School choice advocates seemed surprised earlier this year when the NAACP called for a moratorium on new charter schools. The need for school choice, according to many advocates, such as Education Secretary Betsy DeVos, stems from lack of choices and underperformance of public schools for low-income students and students of color. However, a new survey by the civil rights group The Leadership Conference asks black and Latino parents about their views on education. Instead of education advocates and policymakers presupposing that all parents want is choice, we should stop and listen to them.

Parents want changes that would provide fair opportunities to their students. Most of their criticism is centered around race-based inequalities in funding and resources, as well as biased treatment of their students. Some parents may use school choice to attain greater equality, but until every school provides a high-quality education, providing options alone isn’t enough.

The Leadership Conference surveyed 600 black parents and 600 Latino parents across the U.S., all with children ages 5-18. The margin of error for each group is 4 percent. In addition to ensuring that our education system hears the voices of all groups of parents, this survey is particularly important because it helps peel back the layers on why black and Latino students often lag behind in educational attainment. They also make up nearly half of the student population.
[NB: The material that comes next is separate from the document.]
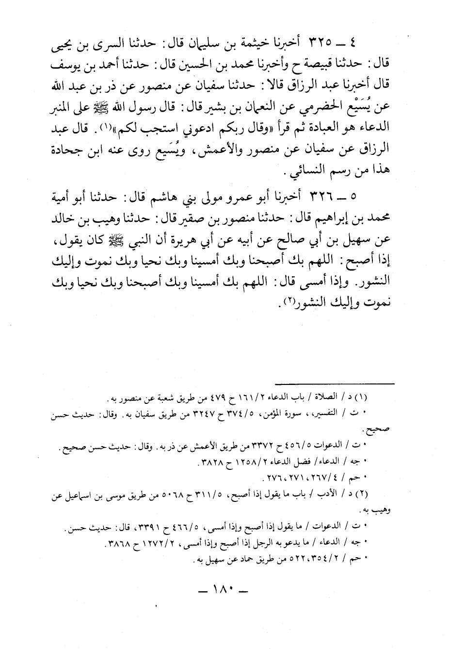 ٣٢٥ - أَخْبَرَنَا خَيْثَمَةُ بْنُ سُلَيْمَانَ، قَالَ: حَدثنا السَّرِيُّ بْنُ يَحْيَى، قَالَ: حَدثنا قَبِيصَةُ (ح) وَأَخْبَرَنَا مُحَمَّدُ بْنُ الحُسَيْنِ، قَالَ: حَدثنا أَحمَدُ بْنُ يُوسُفَ، قَالَ: أَخْبَرَنَا عَبْدُ الرَّزَّاقِ، قَالَا: حَدثنا سُفْيَانُ، عَنْ مَنْصُورٍ، عَنْ ذَرِّ بْنِ عَبْدِ الله، عَنْ يُسَيْعٍ الحَضْرَمِيِّ، عَنِ النُّعْمَانِ بْنِ بَشِيرٍ، قَالَ: قَالَ رَسُولُ الله صَلى الله عَليه وسَلم عَلَى المِنْبَرِ: الدُّعَاءُ هُوَ العِبَادَةُ ثُمَّ قَرَأَ {وَقَالَ رَبُّكُمُ ادْعُونِي أَسْتَجِبْ لكُمْ}.

Surveyed parents overwhelmingly felt that schools in black and Latino communities received less funding than schools in white neighborhoods. Research from EdBuild, an organization that studies education funding, would back up that sentiment. Black parents whose children attended majority white schools were more likely to rate their school as excellent than parents of students at majority-black schools (61 versus 14 percent). If funding tends to follow white students, then minority students at majority-white schools would also benefit from better supported schools. Socioeconomic status may also play a role in this perception; black and Latino students are far more likely to attend high-poverty schools than white students.